Assange had in his hands information of immoral political behaviour by a party and he published it. One can argue about timing and political consequences, but it is hard to deny that it was in the interest of the American public to know these facts. The information was not fake or fabricated; it was the truth.
A criminal trial for Assange in the US would be another blow to journalists, the media and publishers who are already suffering from increasing pressure across the world. So far this year, 45 journalists have been killed across the world.
In March, Slovak investigative journalist Jan Kuciak and his fiancee were shot in their home. In April, nine Afghan journalists were killed in a bombing in Kabul: Abadullah Hananzai, Ali Saleemi, Ghazi Rasooli, Maharram Durrani, Nowroz Ali Rajabi, Sabawoon Kakar, Saleem Talash, Shah Marai and Yar Mohammad Tokhi. In July, three Russian journalists were shot dead in the Central African Republic while investigating the presence of Russian mercenaries: Aleksandr Rastorguyev, Orkhan Dzhemal and Kirill Radchenko. And just over a month ago, Saudi journalist Jamal Khashoggi was killed and dismembered in the consulate of his own country in Istanbul.
Clear signals are being sent to media professionals across the world that doing their jobs could cost them their freedom or their lives. Feeding this hostile environment instead of standing up to it could be dangerous not only for journalists and whistle-blowers but also for all of us.

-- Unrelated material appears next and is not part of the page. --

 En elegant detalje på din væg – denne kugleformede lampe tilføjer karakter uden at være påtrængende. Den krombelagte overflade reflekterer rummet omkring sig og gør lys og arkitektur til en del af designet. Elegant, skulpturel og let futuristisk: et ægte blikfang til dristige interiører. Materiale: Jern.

Walter Lippmann, the father of modern journalism who coined the phrase “manufacturing consent” (which Noam Chomsky made famous in his 1988 book) wrote back in 1919 in a thin volume called Liberty and the News that “there can be no liberty for a community which lacks the means by which to detect lies”.

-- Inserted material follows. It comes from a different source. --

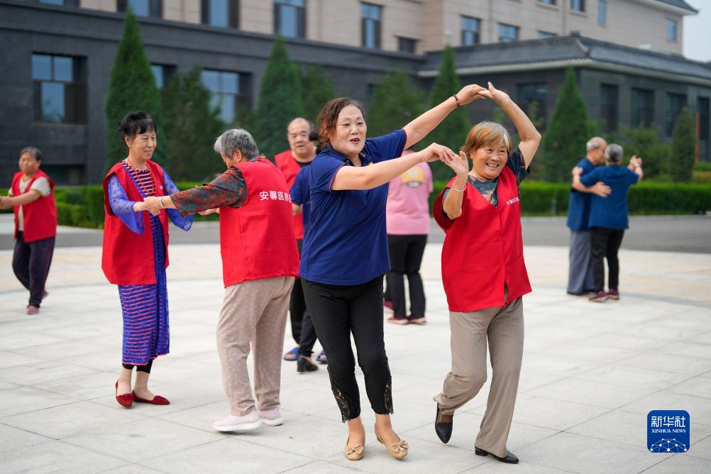 9月12日,河北省唐山市古冶區一家養老機構的老人們在院子里運動(dòng)。

Fighting the extradition of Assange to the US is not just about protecting his individual rights, but it is also about protecting the very means by which we are able to detect lies. It is about protecting freedom of the press and our ability to keep checks on political power.
Whatever you might think of WikiLeaks, it is a fact that as a publisher who protects its sources it has always been detecting and revealing lies.
And as Lippman wrote in Liberty and the News 100 years ago: “Not what somebody says or somebody wishes to be true, but what is so beyond all opinions, constitutes, the touchstone of our sanity.”
Without WikiLeaks and Julian Assange, without the courageous whistle-blowers and journalists who are revealing the dirty secrets and immoral acts of powerful regimes, who are opposing or criticising authority, truth would quickly lose value. And it would be then that we would also lose the touchstone of our sanity.
The views expressed in this article are the author’s own and do not necessarily reflect Al Jazeera’s editorial stance.